I have spoken to representatives of my local travel agencies. Anyone from north County Louth will be familiar with Centre Travel, KT Travel, McGuill Travel and O'Callaghan Travel. These businesses combined have been in operation for 180 years, employ 30 staff and have an annual turnover of more than €16 million, so they are by no means small fry. These are small enterprises that give excellent personalised customer service. They were thriving viable businesses but they now see no light. They still give an excellent service with negative return. To give an example, one of these travel agents has had only five bookings since September. This week, it will issue 75 cheques in refunds to its customers. As we know, there are costs associated with refunds and staff are needed to do this work. Other outgoings include cumulative bank charges, office charges, rent and heat. One travel agent has estimated that it takes up to nine hours for each refund to be organised with all the administrative hurdles, telephone calls, emails, etc. All money is going out. Travel agents are not normal retail outlets.

Let us remember that travel agents only make money when customers board a flight and the plane takes off. As we know, some flights are taking off but the Government advice is that people should not travel so people are not travelling. In such instances, under EU law, travel agents are obliged to refund the cost of flights whereas airlines are not obliged to do so. Five travel agencies have gone into liquidation. Under EU law, customers are refunded. Must the Government or the Commission for Aviation Regulation now provide refunds?

Travel agents are seeking clarity on whether they are eligible for the Covid restrictions support scheme. Is the scheme based on turnover or profits?

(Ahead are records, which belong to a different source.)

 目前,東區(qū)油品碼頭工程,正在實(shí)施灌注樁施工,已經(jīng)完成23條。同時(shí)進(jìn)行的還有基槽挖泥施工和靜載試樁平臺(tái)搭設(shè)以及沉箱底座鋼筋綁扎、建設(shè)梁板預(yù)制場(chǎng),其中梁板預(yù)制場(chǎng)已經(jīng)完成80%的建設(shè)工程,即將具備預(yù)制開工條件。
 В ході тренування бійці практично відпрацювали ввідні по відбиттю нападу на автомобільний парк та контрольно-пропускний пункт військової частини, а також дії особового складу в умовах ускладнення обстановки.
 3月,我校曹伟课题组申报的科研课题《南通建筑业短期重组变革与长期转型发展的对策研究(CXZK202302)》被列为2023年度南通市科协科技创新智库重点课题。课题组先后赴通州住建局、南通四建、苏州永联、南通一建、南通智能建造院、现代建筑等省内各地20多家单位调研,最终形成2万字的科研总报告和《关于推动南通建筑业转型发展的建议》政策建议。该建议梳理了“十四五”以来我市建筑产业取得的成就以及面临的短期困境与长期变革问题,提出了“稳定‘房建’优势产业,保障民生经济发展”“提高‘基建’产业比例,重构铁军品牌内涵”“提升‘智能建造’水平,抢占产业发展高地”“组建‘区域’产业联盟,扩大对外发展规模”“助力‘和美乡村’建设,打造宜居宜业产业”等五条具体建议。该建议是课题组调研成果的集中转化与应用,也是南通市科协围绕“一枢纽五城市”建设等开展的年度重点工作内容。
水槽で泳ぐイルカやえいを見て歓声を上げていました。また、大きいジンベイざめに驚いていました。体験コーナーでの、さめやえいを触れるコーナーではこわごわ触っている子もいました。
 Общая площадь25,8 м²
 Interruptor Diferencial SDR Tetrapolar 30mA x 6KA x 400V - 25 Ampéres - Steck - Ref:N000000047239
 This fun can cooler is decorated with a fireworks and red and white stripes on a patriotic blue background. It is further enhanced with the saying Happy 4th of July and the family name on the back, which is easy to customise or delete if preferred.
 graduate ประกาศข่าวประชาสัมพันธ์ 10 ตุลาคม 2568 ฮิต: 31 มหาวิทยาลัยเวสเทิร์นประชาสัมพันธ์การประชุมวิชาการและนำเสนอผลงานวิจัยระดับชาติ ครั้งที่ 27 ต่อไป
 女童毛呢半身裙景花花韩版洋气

The refund credit note is of no practical assistance to travel agencies as it only protects customers if a travel agent goes into liquidation. A refund credit note does not help travel agents to keep their business running and only protects customers. It is important that customers are protected but these businesses still need a refund.

I stress that the travel agents that I have spoken to respect and understand the restrictions but they need help to ensure their businesses still exist when the restrictions are lifted.

Photo of Damien EnglishDamien English (Meath West, Fine Gael)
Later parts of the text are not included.